Here is a second example from my own dataset (time series) where the breakpoints are noticeably different between the two functions. I am unable to modify the parameters to get the outputs to align.
x <- c(0, 43, 156, 238, 254, 323, 674, 870, 1193, 1555, 1926, 2279, 2660, 3103, 3479, 3832, 4214, 4929, 5665, 6401, 7122, 7850, 9314, 10062, 11151, 11869)

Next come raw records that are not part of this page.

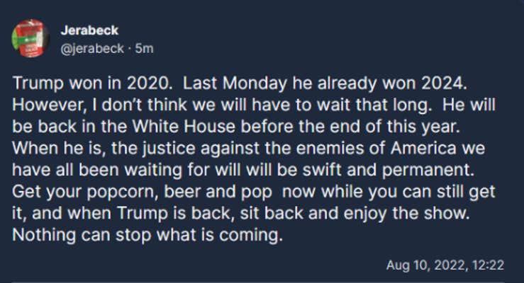 There was one occasion that she saw fit to delete an internet musing. Bridge Michigan reports that last summer, Karamo tweeted a link to a post on Truth Social claiming Trump would be back in office within the year. The post also said that when this occurred, “the justice against the enemies of America we have all been waiting for will [...] be swift and permanent”—which sounds kinda like a threat.
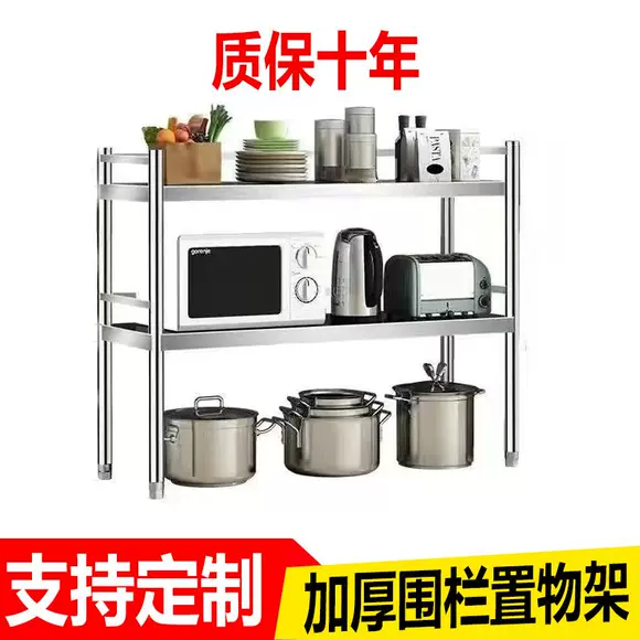 / Rak penyimpanan dapur dari baja tahan karat tebal, dua atau tiga tingkat, rak oven microwave, rak panci, rak bumbu, rak penyimpanan berdiri di lantai.
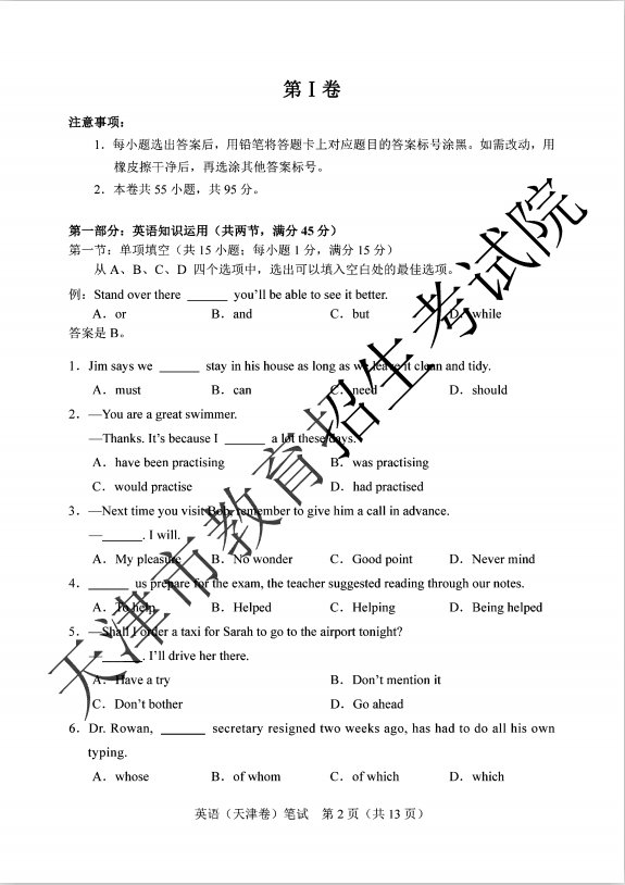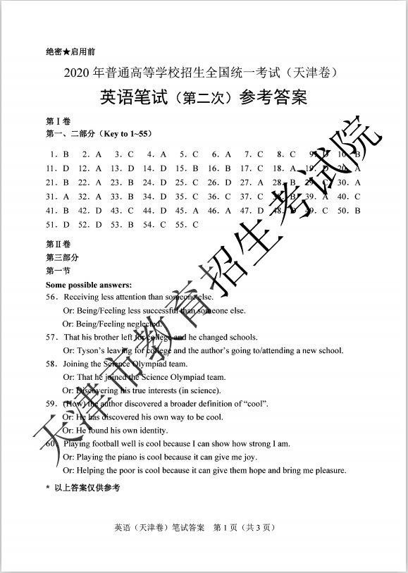 注:2021年天津高考试题和答案尚未公布,本文内容参考2020年信息,小编会在最新消息公布后及时更新~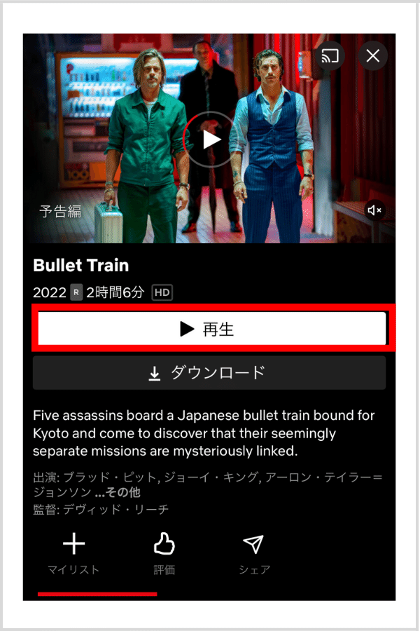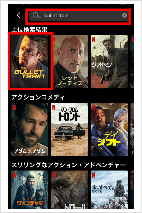 例えば、記事を最初に作成した時の2023年2月22日の時点で、日本版では視聴できない「Bullet Train」を検索すると、アメリカ版に切り替わっているので視聴することができます。
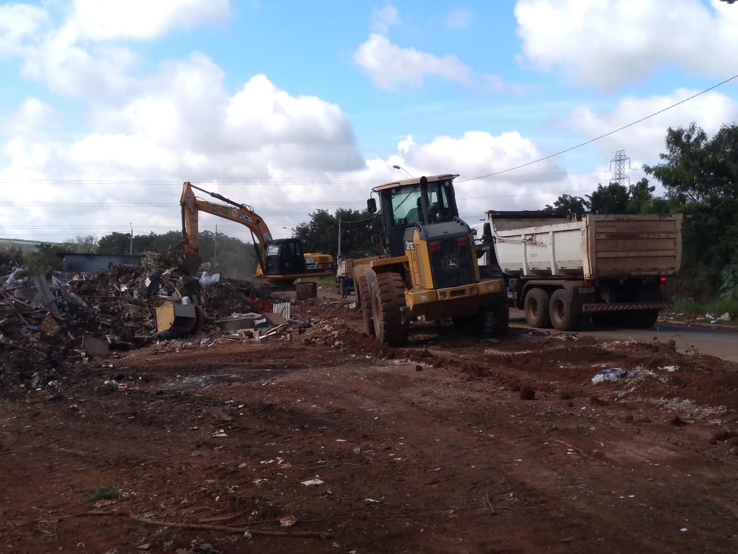 A limpeza do Ecoponto e da área está sendo realizada com caminhões e equipamentos como uma pá carregadeira, uma máquina PC escavadeira e uma escavadeira hidráulica. "Hoje, estamos trabalhando com 11 caminhões que, depois de carregados, rumam para o Ecoparque", relata o responsável pelo setor.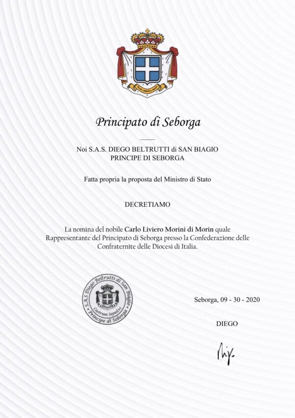 ricercatore Carlo Liviero Morini di Morin “Rappresentante del Principato di Seborga presso la Confederazione delle Confraternite delle Diocesi di Italia”.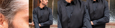 100% cotton micro twill. Non-iron fabric. Classic collar. Self colour buttons. Back yoke. Bust and back darts. Two button adjustable cuffs with button on cuff gauntlet. Curved hem. Unbranded size label.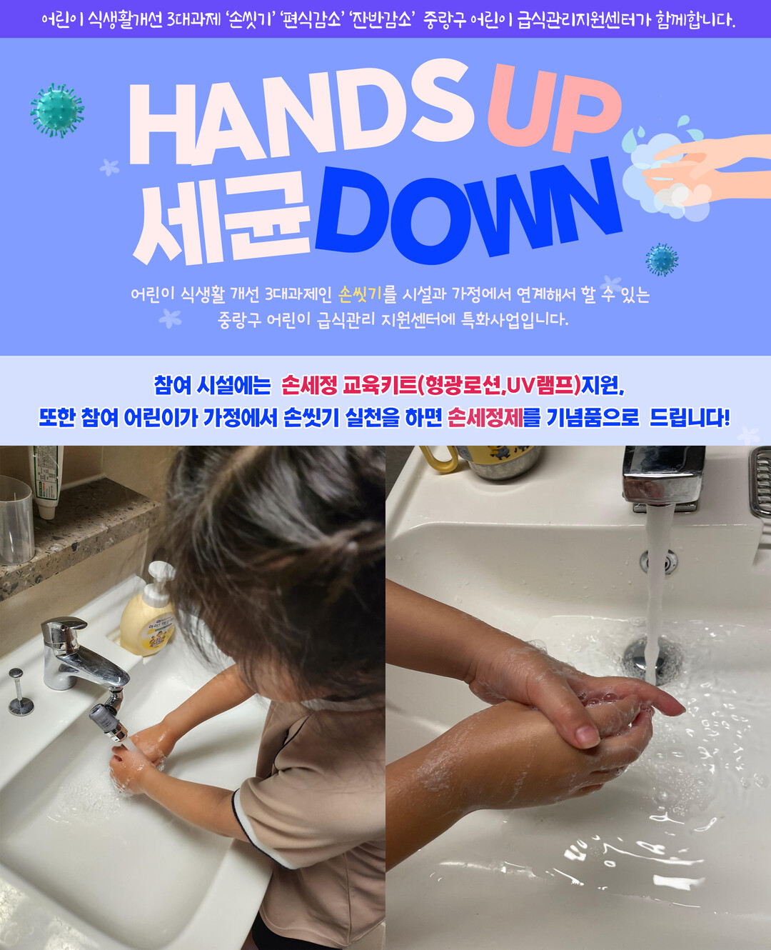 어린이 식생활 식습관 개선 사업의 일환으로 기획된 이번 특화사업을 통해 센터는 ‘손 씻기의 중요성과 올바른 손 씻기 방법’을 교육할 수 있도록 대상 연령의 눈높이에 맞는 교육 영상을 제작하여 손 씻기 교육키트와 함께 어린이 시설에 제공했다. 또한 교육을 받은 어린이들의 가정에서도 손 씻기 실천 활동을 인증하면 손세정제를 참여 기념품으로 제공하여 가정까지 연계한 식습관 교육이 이루어질 수 있도록 진행했다.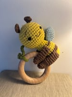 Yellow Bee Baby Rattle Wooden Teether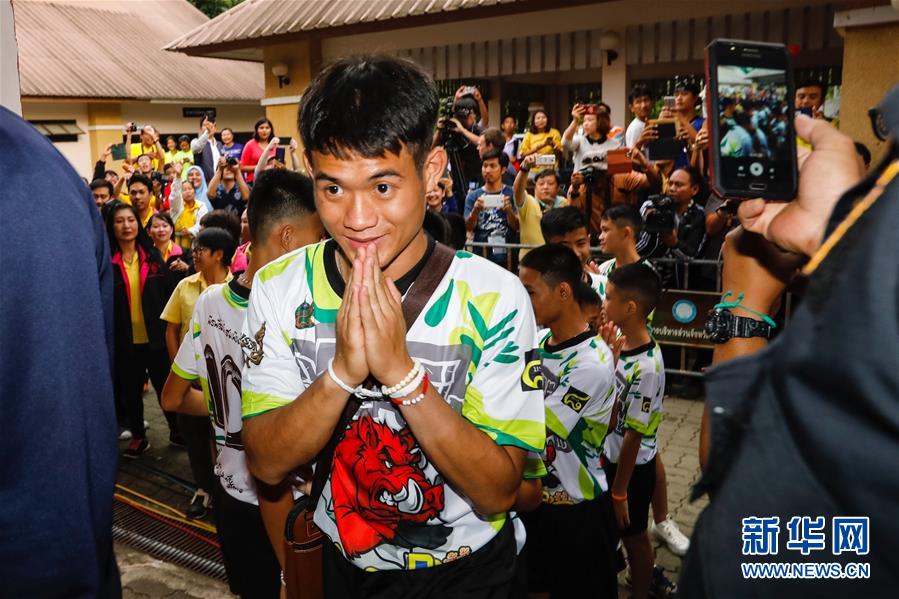 6月23日,泰国一支少年足球队12名11至16岁的男队员和1名男教练员在洞穴探险时遭遇洪水被困。7月10日,经过泰国、中国、美国、英国等多支国际救援队、上千名救援人员的努力,13人在受困18天后全部获救,创下了国际救援史上的奇迹。 图为2018年7月18日,在泰国清莱,从被困山洞中获救的少年足球队员准备参加新闻发布会。在新闻发布会上,足球队员们向所有救援人员致谢,并向在救援行动中牺牲的泰国海军前士兵默哀致歉。 新华社发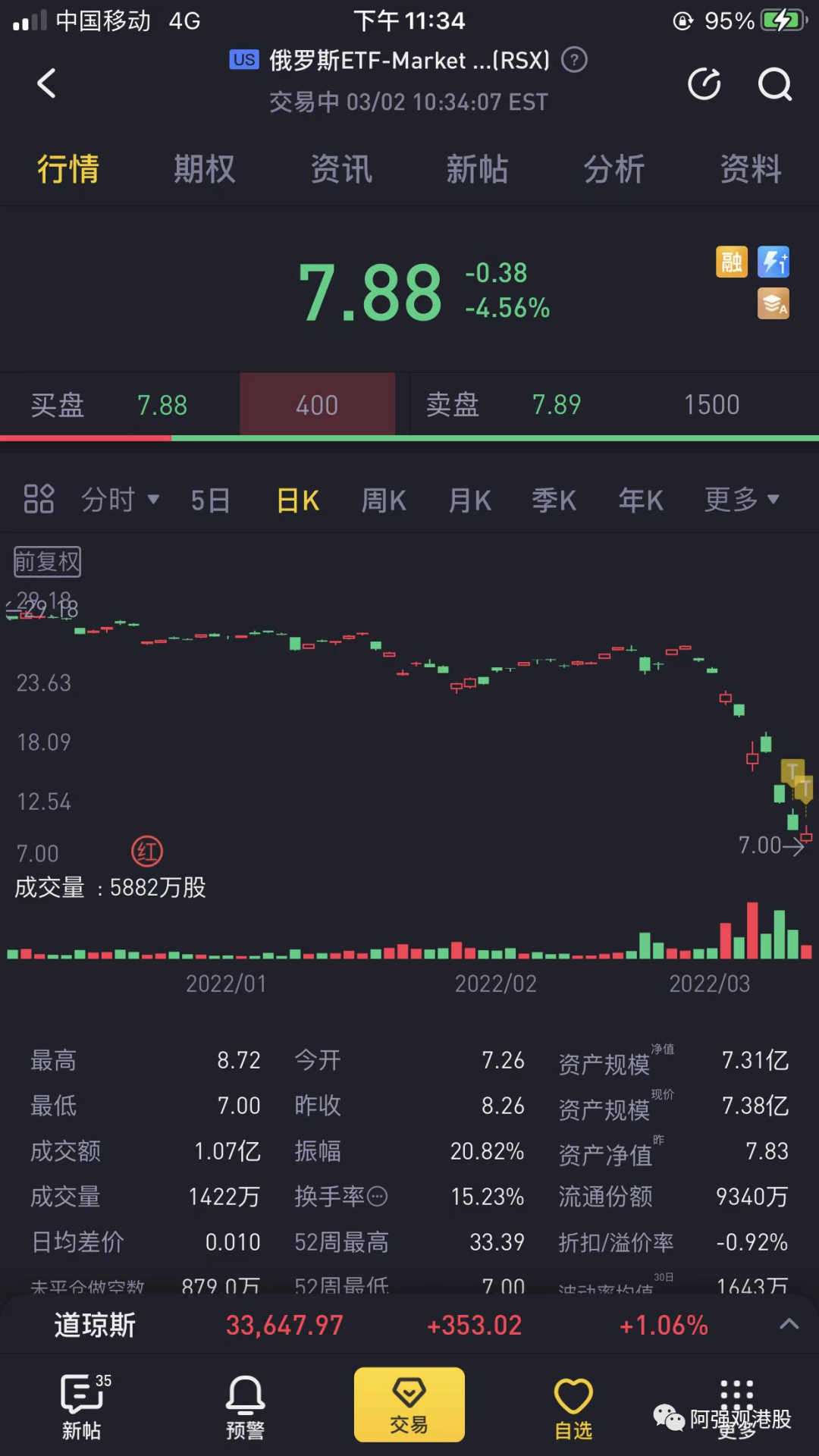 如果非要抄底俄罗斯,则选择俄罗斯基金ETF就行,代码是:RSX ,目前股价是 7.88美金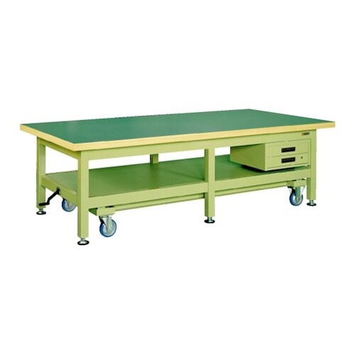 サカエ 超重量作業台KWCタイプ ハンドル昇降移動式 キャスター130φ KWCF−2412B A0AW-6381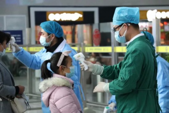 (1月28日下午,怀邵衡铁路隆回站进口,医务人员对旅客一一进行体温检测,防控疫情。罗理力摄)

y <- c(7.31322039, 7.32974969, 6.85224257, 7.11882625, 6.56526497, 6.13122649, 6.30991828, 5.88610403, 4.78749174, 3.76120012, 4.02535169, 4.09434456, 2.23216263, 1.97685495, 2.86789890, 2.80336038, 1.28093385, 0.53062825, 0.83290912, 1.02961942, 0.64185389, 0.18232156, 0.09531018, 0.09531018, 0.33647224, 0.51282363)
out.lm2 <- lm(y ~ x)
os2 <- selgmented(out.lm2, type="bic", Kmax=5)
o2 <- segmented(out.lm2, npsi=2)
par(mfrow=c(1,2))
plot.segmented(os2)
plot.segmented(os2, res=TRUE, add=TRUE, conf.level=0.95, shade=TRUE)
plot.segmented(o2)
plot.segmented(o2, res=TRUE, add=TRUE, conf.level=0.95, shade=TRUE)
comparison of segmented and selgmented piecewise regressions
I appreciate any feedback on why the outputs of the segmented and selgmented functions differ and how to modify that if possible.